J. P. Toennies

What is he best known for?

The fields of study he is best known for:

• Quantum mechanics
• Electron
• Atom

J. P. Toennies mainly investigates Atomic physics, Helium, Scattering, Molecular physics and Phonon. J. P. Toennies studies Helium atom scattering, a branch of Atomic physics. His Helium study combines topics from a wide range of disciplines, such as Orders of magnitude, Binding energy and Cluster.

His study in the field of Elastic scattering, Momentum transfer and Quasielastic scattering is also linked to topics like Self-diffusion. His Molecular physics research is multidisciplinary, incorporating elements of Superfluidity, Optics, Spectroscopy and Superconductivity, Cryostat. His Phonon research integrates issues from Born approximation and Inelastic scattering.

His most cited work include:

• Superfluid Helium Droplets: A Uniquely Cold Nanomatrix for Molecules and Molecular Complexes (800 citations)
• SPECTROSCOPY OF ATOMS AND MOLECULES IN LIQUID HELIUM (418 citations)
• Rotationally Resolved Spectroscopy of SF6 in Liquid Helium Clusters: A Molecular Probe of Cluster Temperature. (412 citations)

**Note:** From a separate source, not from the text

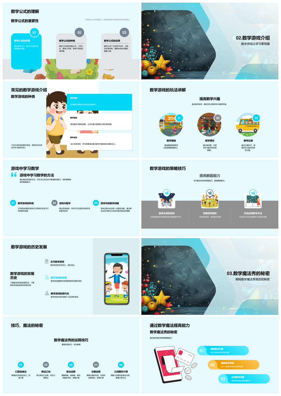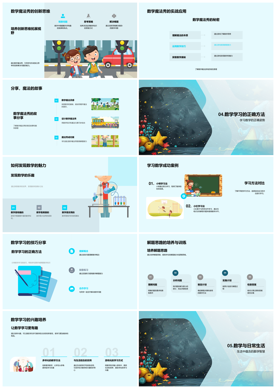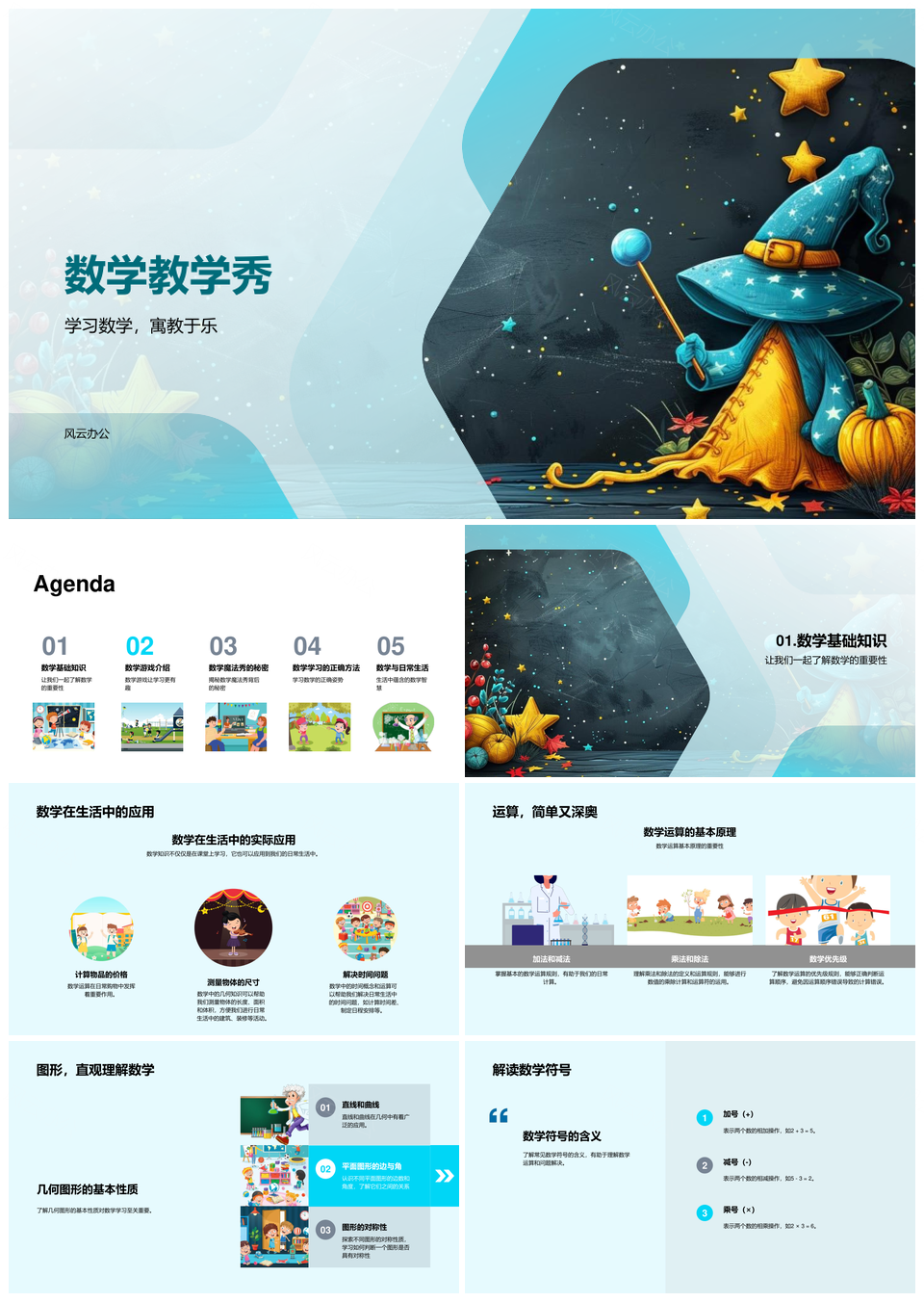 风云办公提供的数学魔法秀基础运算几何解题逻辑思维PPT模板,下载格式为pptx,一共33页,作品中文字及图均可以修改和编辑,图片更改请在作品中右键图片并更换,文字修改请直接点击文字进行修改。

What are the main themes of his work throughout his whole career to date?

His main research concerns Atomic physics, Scattering, Phonon, Helium atom scattering and Molecular physics. J. P. Toennies specializes in Atomic physics, namely Helium. His Scattering research is multidisciplinary, incorporating perspectives in Bound state, Range, Atom, Quantum and Diffraction.

His Phonon study combines topics in areas such as Spectroscopy, Rayleigh scattering and Dispersion relation. In his research, Crystallography is intimately related to Monolayer, which falls under the overarching field of Helium atom scattering. His studies deal with areas such as Elastic scattering and Resonance as well as Inelastic scattering.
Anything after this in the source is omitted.